Login | Register For Free | Help
Search for: (Advanced)

Mailing List Archive: Lucene: Java-Dev

TrieRangeQuery for contrib? was: [jira] Commented: (LUCENE-1461) Cached filter for a single term field

 

 

Lucene java-dev RSS feed   Index | Next | Previous | View Threaded


uwe at thetaphi

Nov 25, 2008, 3:28 AM

Post #1 of 2 (2272 views)
Permalink
TrieRangeQuery for contrib? was: [jira] Commented: (LUCENE-1461) Cached filter for a single term field

I do not want to attach this to the issue report, just for completeness:

I implemented (based on RangeFilter) another approach for faster
RangeQueries, based on longs stored in index in a special format.
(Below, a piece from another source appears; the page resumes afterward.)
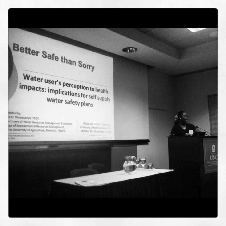 I was lucky enough to attend this year’s Water & Health Conference at the University of North Carolina. I was even luckier to make it as the skirts of Hurricane Sandy swept up the Atlantic coast before crashing into the American North East.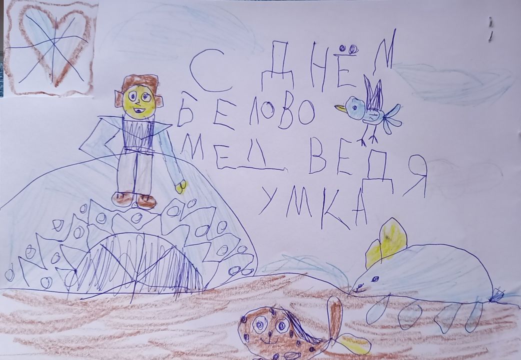 Друзья поздравляют Умку с Днём белого медведя. А чтоб письмо обязательно дошло до адресата, в углу нарисована самая сердечная марка )

The idea behind this is to store the longs in different precision in index
and partition the query range in such a way, that the outer boundaries are
search using terms from the highest precision, but the center of the search
Range with lower precision. The implementation stores the longs in 8
different precisions (using a class called TrieUtils). It also has support
for Doubles, using the IEEE 754 floating-point "double format" bit layout
with some bit mappings to make them binary sortable. The approach is used in
rather big indexes, query times are even on low performance desktop
computers <<100 ms (!) for very big ranges on indexes with 500000 docs.

I called this RangeQuery variant and format "TrieRangeRange" query because
the idea looks like the well-known Trie structures (but it is not identical
to real tries, but algorithms are related to it).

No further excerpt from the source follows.